Birth of East Magnolia Records

After years of working his way through the LA music scene and honing his craft, Dunlap was signed to a major label. A few years into that experience, he decided to not only leave that deal but to start his own label, now called East Magnolia Records. “I’m extremely grateful to have been seen for my hard work right at the start of the pandemic and to be able to have the partnership that I did for two-and-a-half years,” he said. “But, I think that the way that my brain works, there is a lot that needs to be done and can be done. There’s a lot that I see for the future that I don’t want to tie myself down in any kind of contractual obligation kind of way that doesn’t let me see the future in the way that I see it happening.”

“It reminds me of when I would start open mics in LA and try to build community,” he continued. “There have been so many instances in my life… in my professional life where I’ve felt so alone. I’ve absorbed all of this negativity, but I’ve tried so hard not to project it and perpetuate things. As a business owner now, I am so inspired to treat people the way I want to be treated.”

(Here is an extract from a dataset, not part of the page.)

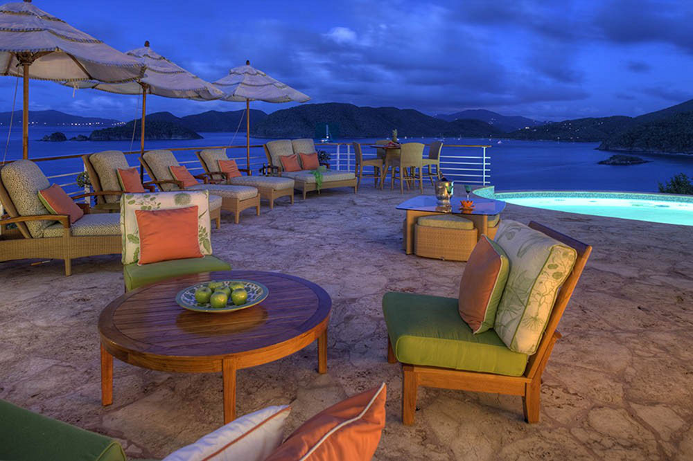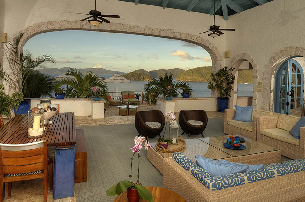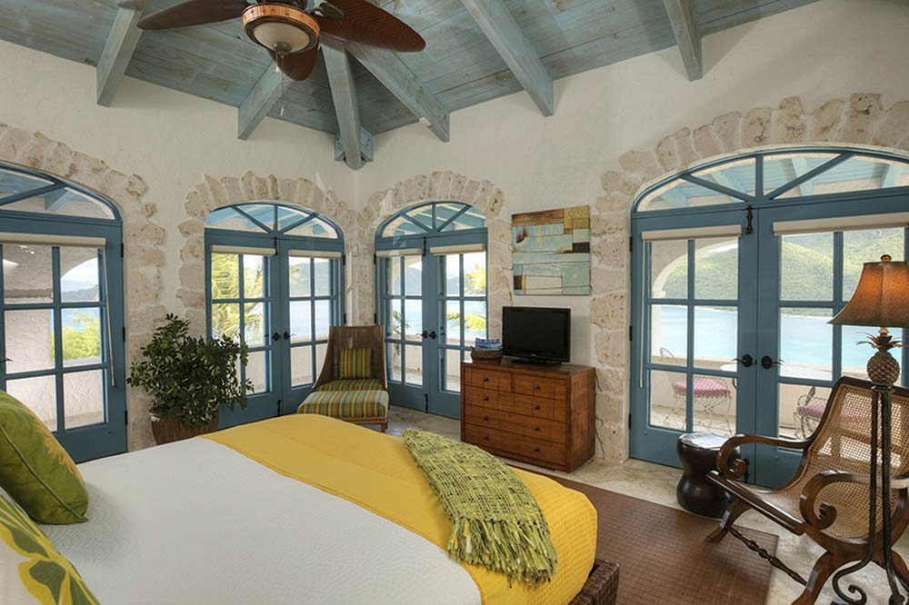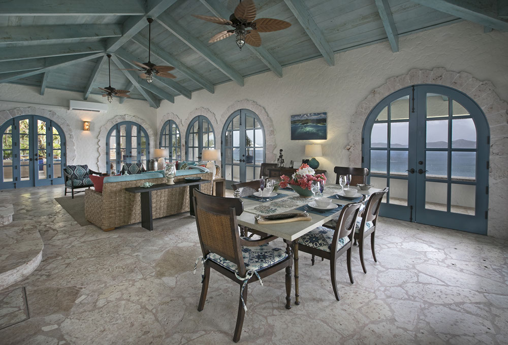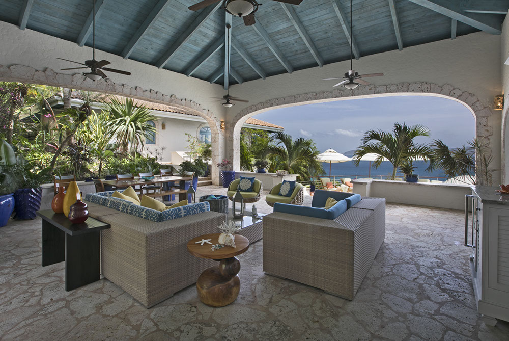 The Cliff House is one of the first homes built in St. John’s exclusive Peter Bay community. The location was chosen for it’s uniquely beautiful setting on three acres atop a cliff, overlooking incredible beaches, the neighboring British Virgin Islands, The Sir Frances Drake Channel and the Virgin Islands National Park. Along with the amazing views, enjoy a wonderful home that offers near constant tradewind breezes, luxurious furnishings and complete relaxation and privacy. The Cliff House Villa is truly an island paradise unto itself. The very large and spacious villa has 4 large bedrooms along with a state of the art fitness gym on site. This home will have you feeling relaxed as the days of your stay melt away, you may feel the need to go absolutely nowhere.

As an artist himself, Dunlap, who says he believes in artist-friendly deals, has a clear idea of how the business works and what it takes to make it, which will factor into the artists he signs. “The most attractive quality in an artist, and the most attractive thing that I hope to continue to portray, is a relentless drive,” he said. “There is a balance of caring about the outlets that you need to… to try and make your moment, but there is also a normalization that I find really attractive. A lot of this we can’t control, so we’ll do our best without expecting things to happen.”

Ten Years

Musically, Dunlap is able to hone in on a sound and drive it home for a project but isn’t aiming to create carbon copies of things that land. His most streamed track “If That’s Alright” sits at close to 61 million streams, but he won’t make 10 other mid-tempo acoustic ballads with light elements of vocoder just for the hell of it. Tracks like “Savior Self,” Right,” and “Hurricane,” off recent EP’s Stranger In My Head and When You’re Feeling Blue have not and may never reach the success, numbers-wise, of “If That’s Alright,” but showcase the range of Dunlap’s abilities as a writer, vocalist, and producer.

“I know I’m going to be here in ten years doing this same exact thing,” he said. “Being a kid hitting instruments and trying to bring people together. I know that is going to happen no matter where I’m at in my financial insecurities. That gives me comfort in today and knowing that if my career as Dylan Dunlap, the artist, doesn’t take off tomorrow… It’s not that I’m not good enough. It’s because there are so many variables out of our control, and if I can preserve the true childlike love and excitement that I have for this, I’m going to be ok.”